== Segment start ==

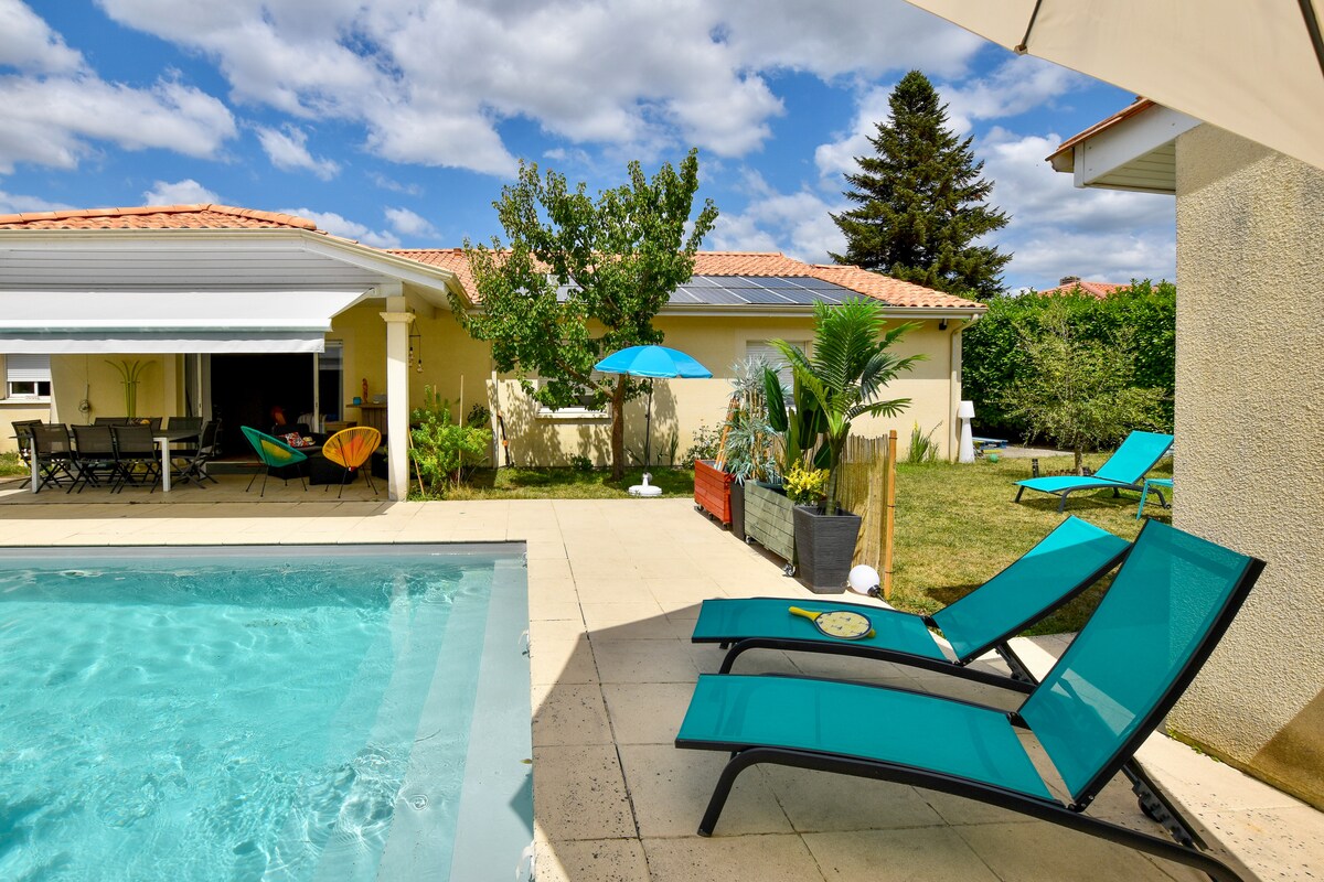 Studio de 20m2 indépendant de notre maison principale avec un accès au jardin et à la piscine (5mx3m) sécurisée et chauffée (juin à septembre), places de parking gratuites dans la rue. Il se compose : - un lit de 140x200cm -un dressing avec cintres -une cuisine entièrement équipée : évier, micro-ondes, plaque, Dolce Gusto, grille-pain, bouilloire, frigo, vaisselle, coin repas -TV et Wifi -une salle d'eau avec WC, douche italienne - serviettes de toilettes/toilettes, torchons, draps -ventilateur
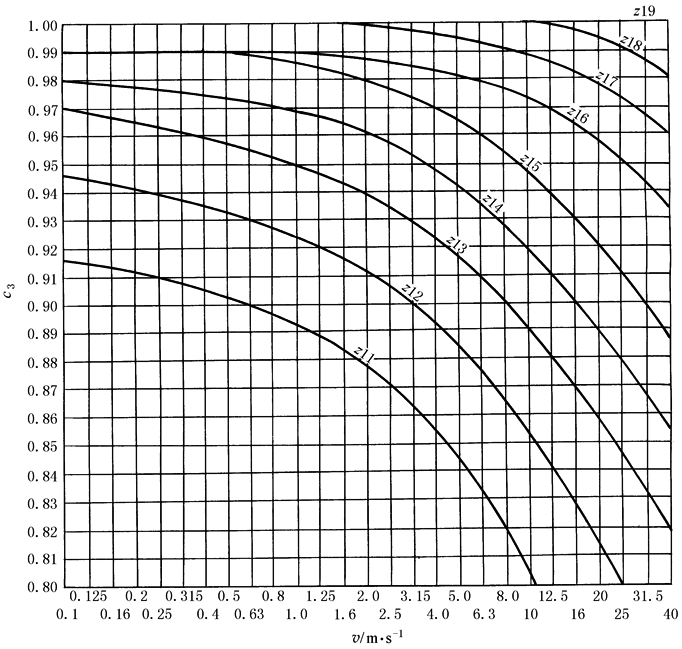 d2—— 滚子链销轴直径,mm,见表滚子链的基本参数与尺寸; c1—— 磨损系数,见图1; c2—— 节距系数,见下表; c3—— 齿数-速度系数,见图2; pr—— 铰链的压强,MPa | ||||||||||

== Segment end ==
== Segment start ==

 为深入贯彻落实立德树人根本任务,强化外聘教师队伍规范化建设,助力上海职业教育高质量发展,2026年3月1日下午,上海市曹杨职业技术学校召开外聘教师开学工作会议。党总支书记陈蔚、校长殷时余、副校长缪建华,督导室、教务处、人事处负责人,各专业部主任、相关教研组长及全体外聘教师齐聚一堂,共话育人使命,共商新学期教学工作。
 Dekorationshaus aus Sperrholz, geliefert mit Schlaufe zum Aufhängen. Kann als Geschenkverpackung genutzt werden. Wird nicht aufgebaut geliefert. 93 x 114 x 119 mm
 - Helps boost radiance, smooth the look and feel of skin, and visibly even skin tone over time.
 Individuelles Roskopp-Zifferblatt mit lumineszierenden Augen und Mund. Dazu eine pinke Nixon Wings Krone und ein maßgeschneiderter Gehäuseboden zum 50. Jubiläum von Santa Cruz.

== Segment end ==
== Segment start ==

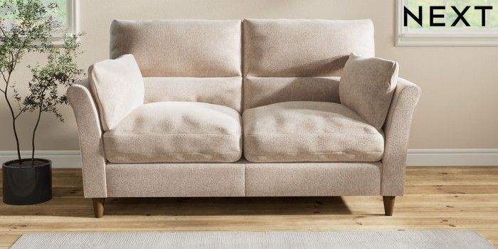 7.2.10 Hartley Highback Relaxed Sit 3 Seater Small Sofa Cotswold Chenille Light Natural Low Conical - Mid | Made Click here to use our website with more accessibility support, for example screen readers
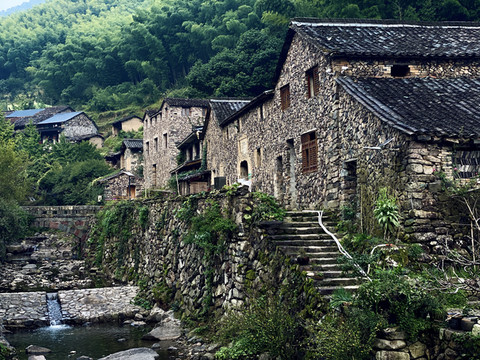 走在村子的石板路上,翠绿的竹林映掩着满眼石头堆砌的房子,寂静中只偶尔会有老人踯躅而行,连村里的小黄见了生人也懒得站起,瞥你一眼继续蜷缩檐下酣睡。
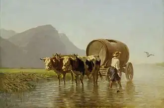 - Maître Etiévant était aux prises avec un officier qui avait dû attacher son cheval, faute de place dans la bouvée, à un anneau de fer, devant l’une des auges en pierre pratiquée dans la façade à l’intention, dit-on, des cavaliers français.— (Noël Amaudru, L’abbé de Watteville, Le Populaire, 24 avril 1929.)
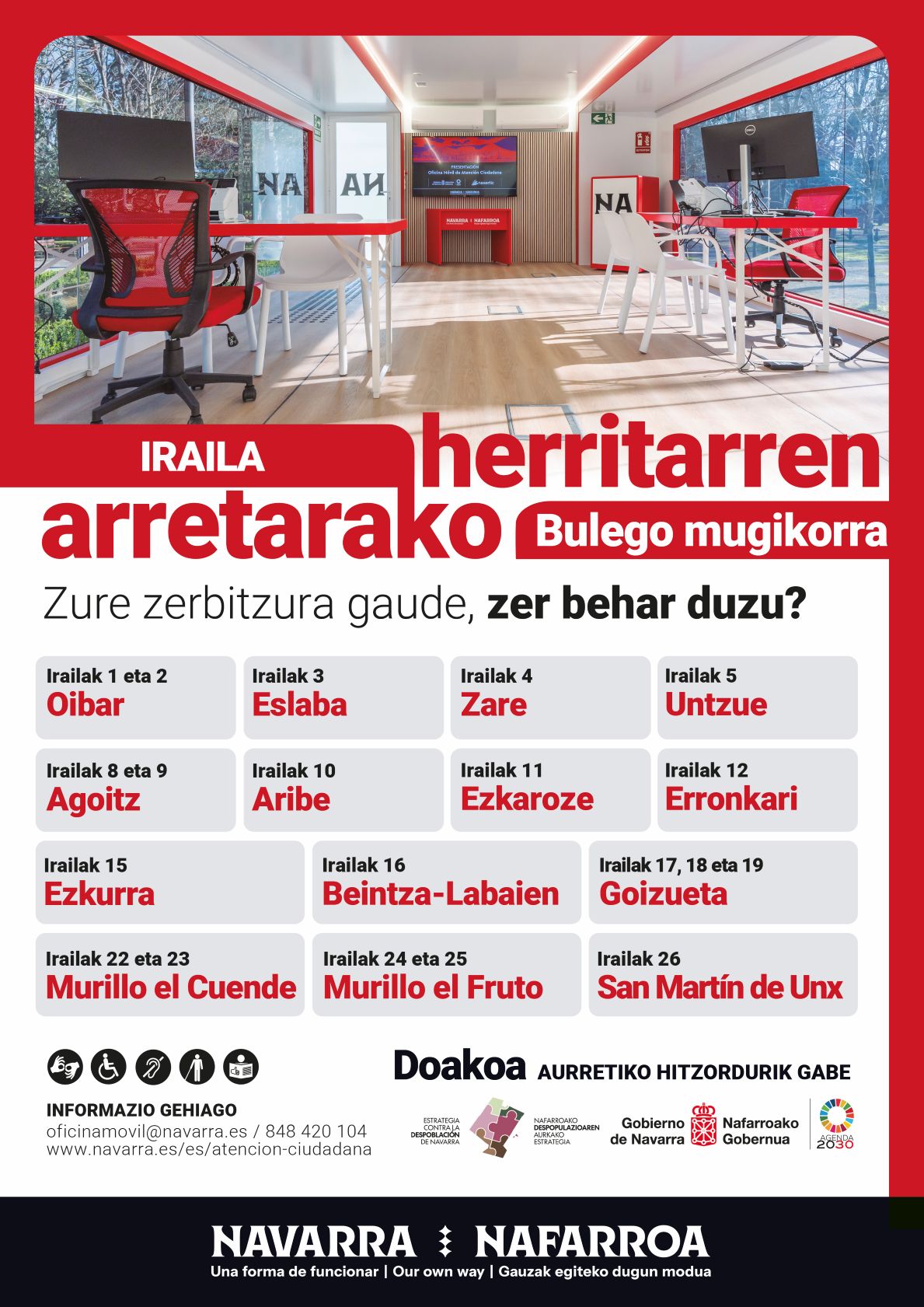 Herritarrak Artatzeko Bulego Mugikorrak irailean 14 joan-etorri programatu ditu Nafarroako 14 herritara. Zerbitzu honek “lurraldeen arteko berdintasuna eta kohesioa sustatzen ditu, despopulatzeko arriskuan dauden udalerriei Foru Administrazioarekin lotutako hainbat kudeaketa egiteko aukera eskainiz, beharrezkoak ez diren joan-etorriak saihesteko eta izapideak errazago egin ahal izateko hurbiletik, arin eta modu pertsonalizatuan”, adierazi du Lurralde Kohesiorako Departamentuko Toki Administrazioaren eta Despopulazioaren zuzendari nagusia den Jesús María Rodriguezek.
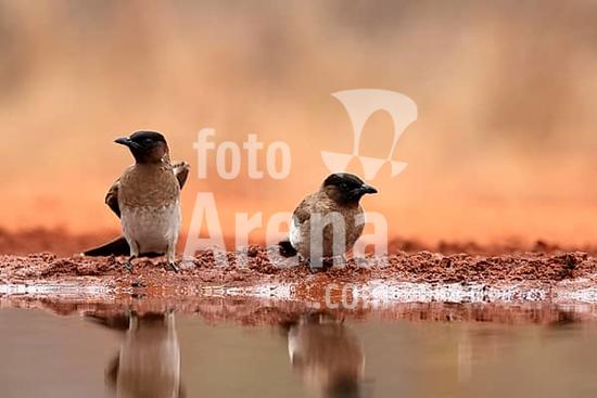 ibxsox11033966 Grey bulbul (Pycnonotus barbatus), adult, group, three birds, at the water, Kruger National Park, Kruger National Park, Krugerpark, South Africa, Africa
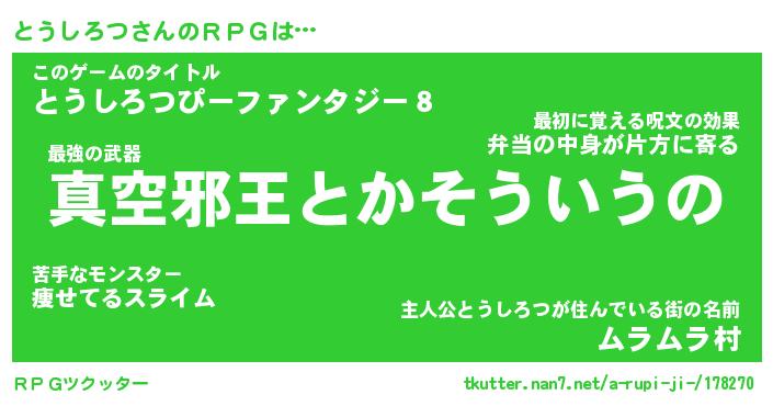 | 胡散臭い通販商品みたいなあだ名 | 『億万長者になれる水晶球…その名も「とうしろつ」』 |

== Segment end ==

TASK DESCRIPTION - Leaving out all pictures, set down exactly the lines of the material above, from the line with "ibxsox11033966 Grey bulbul" to the line with "胡散臭い通販商品みたいなあだ名 | 『億万長者になれる水晶球…その名も「とうしろつ」』 |" inclusive, and no others.

EXPECTED ANSWER -
 ibxsox11033966 Grey bulbul (Pycnonotus barbatus), adult, group, three birds, at the water, Kruger National Park, Kruger National Park, Krugerpark, South Africa, Africa
 | 胡散臭い通販商品みたいなあだ名 | 『億万長者になれる水晶球…その名も「とうしろつ」』 |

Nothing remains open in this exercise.